React is a system for building web apps out of reusable components. The components automatically re-render when their underlying state changes. When each component is self-contained, managing state is not burdensome. However, if your app has any degree of complexity, your components will soon lose their independence. Consider this hierarchy of components A, X, Y, and others:
What happens when an interaction on component X must trigger a state change that causes component Y to re-render? For example, imagine that component X is a checkbox. Component Y is a text editor. When the user toggles the checkbox, the editor must display or hide line numbers.
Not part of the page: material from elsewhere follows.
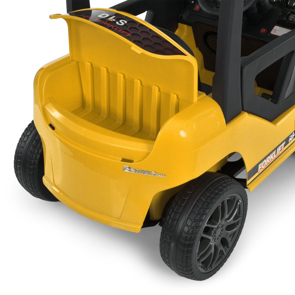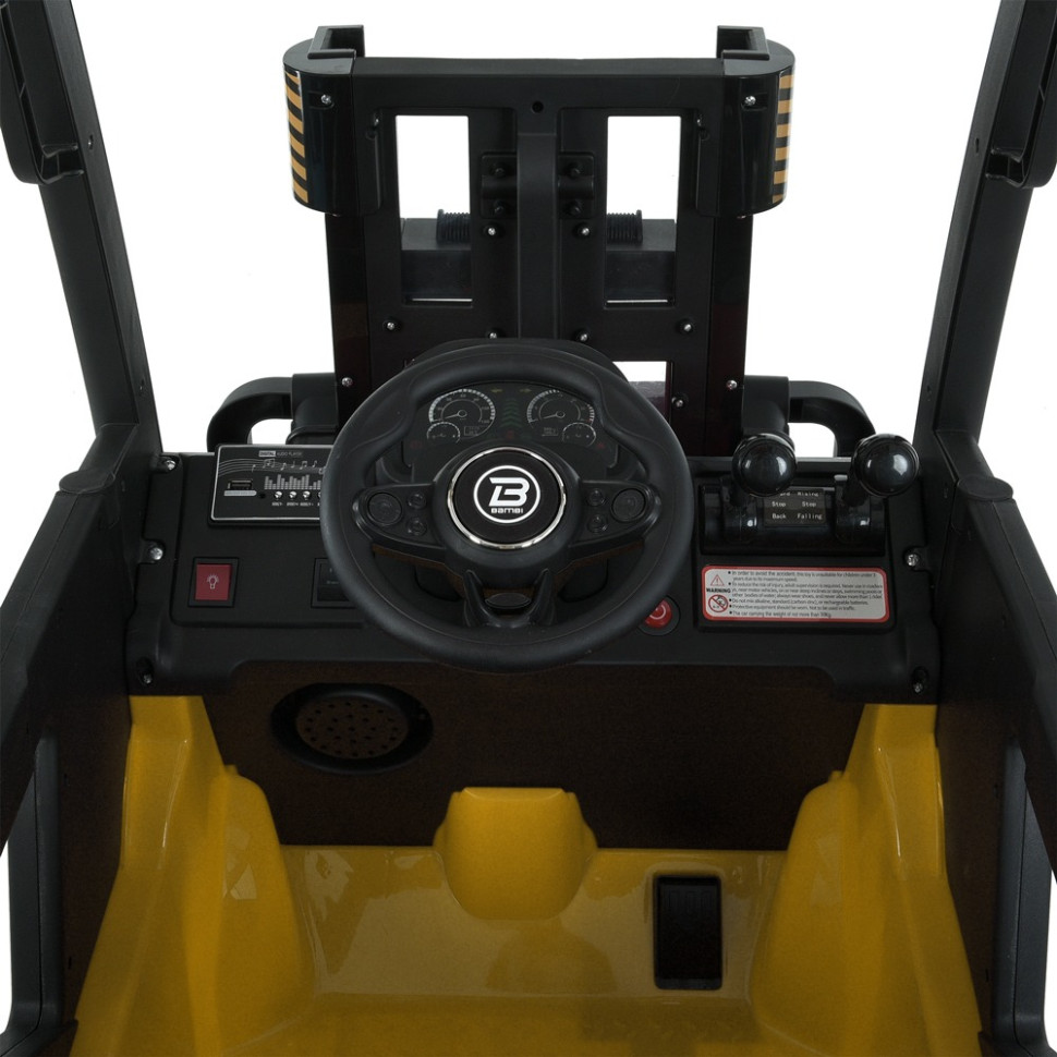 Артикул M 6063EBLRБренд Bambi RacerТип погрузчикРазмеры товара длина 146смширина по зеркалам/ колесам 63смвысота 101смвес 25,2кгДопустимая нагрузка По весу до 30кгПо возрасту от 3-8 летМотор Количество/V/RPM 2*45W/12V/RPM12000Батарея Количество/V/AH 12V7AHИндикатор батареи +Зарядка V/mA 12V/1000mAВремя на зарядку 8-12чИндикатор зарядки +Старт с кнопкиЗвук во время старта +Плавный старт в обычном режиме +Скорость км/ч 2-6км/чКоличество скоростей на панели/на пульте 1/4Ручка газа -Педаль-тормоз -Свет Фары -Подсветка -Кнопка вкл/выкл света тумблерЗвук Музыка Музыка MP3+USB, AUXКарта памяти +Сигнал на рулеBLUETOOTH +Управление Пульт управления 2,4G (STOP BUTTON)App(приложение) -Движение вперед/назад рычагСиденья количество мест 1Ремни безопасности 2-х точечныеМатериал экокожаШирина посадочного места 34смКолеса Материал пластикРазмер передних колес/дисков 27см/21смРазмер задних колес/дисков 27см/21смПростой монтаж +Корпус Материал материал пластикКрыша +Амортизаторы Передние -Задние +Дополнительные функции Двери открывающиеся. +Демо-режим +Бат.ручка -Доп. Колесики -Кондиционер -Коврик -Прицеп -Дополнительные элементы Рычаг для подъема груза вилами, управление, крыша, багажникКОРОБКА Брутто/Размер 28,9 кг/99-64-52смКоличество слоев 5Наличие цветного постера - наличие цветного постераЦвет картона коричневый

Communicating state changes across components is difficult in a plain React app because messages must travel along the lines of the hierarchy. Component X and Y must have a common ancestor, which is component A in this example, that declares the state. Component A must pass a setter down the hierarchy through props to component X. Component X will call the setter on a user interaction. Component A must also pass the state down to component Y through props.
Component A and the other intermediate components might not care at all about the display of line numbers. Yet they are forced to care because they are the medium through which X talks to Y. This busywork of mindlessly passing state from an ancestor down the hierarchy to its descendents is called prop drilling.
You can avoid prop drilling by factoring the shared state of your app out to a global store. The global store may be accessed directly by components all across the hierarchy without having to pass through the prop channels.
A library named Redux helps you create and safely update this global store. You decide to make an app for managing a quote database using React and Redux.
Some developers bristle at the mention of Redux. That's because it is often overused. Unprincipled developers put all state into the global store, but not all state in a React app should be global. A healthy and balanced developer will use a mix of both local and global state.